* Supplied information
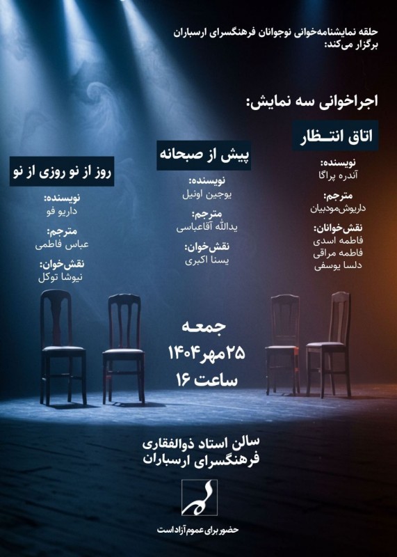 حلقه نمایشنامهخوانی نوجوانان فرهنگسرای ارسباران، روز جمعه ۲۵ مهرماه سه نمایش را اجراخوانی خواهد کرد.
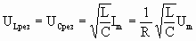При ω = ωрез имеем для амплитуд напряжений на индуктивности и емкости :
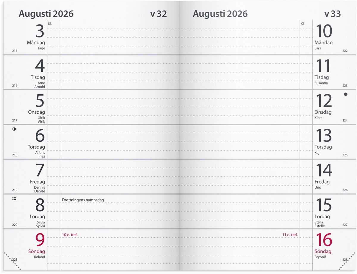 Format: 85x127 mm. Layout: Liggande. Två veckor/uppslag. Kalendarium: 2025-12-22 - 2027-01-03. Omslag: Kartong. Häftklamrad. Innehåll: Kyrkliga helgdagar, Flaggdagar, Helgdagar/aftnar, Månfaser, Namnsdagar, Internationella helgdagar översikt, Temadagar/händelser, Årsöversikt/årsöversikter, Årsplan/årsplaner. Antal sidor: 64. Miljöinformation: FSC®.
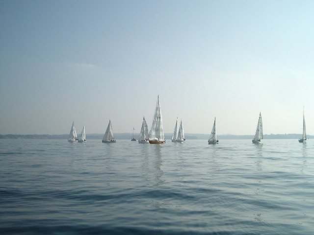 10時40分スタート、風無し、10分前にスタートした舟と団子状態。

* Aim of the exercise
Could you copy the listing exactly, leaving out any pictures?

* Answer space
 حلقه نمایشنامهخوانی نوجوانان فرهنگسرای ارسباران، روز جمعه ۲۵ مهرماه سه نمایش را اجراخوانی خواهد کرد.
При ω = ωрез имеем для амплитуд напряжений на индуктивности и емкости :
 Format: 85x127 mm. Layout: Liggande. Två veckor/uppslag. Kalendarium: 2025-12-22 - 2027-01-03. Omslag: Kartong. Häftklamrad. Innehåll: Kyrkliga helgdagar, Flaggdagar, Helgdagar/aftnar, Månfaser, Namnsdagar, Internationella helgdagar översikt, Temadagar/händelser, Årsöversikt/årsöversikter, Årsplan/årsplaner. Antal sidor: 64. Miljöinformation: FSC®.
 10時40分スタート、風無し、10分前にスタートした舟と団子状態。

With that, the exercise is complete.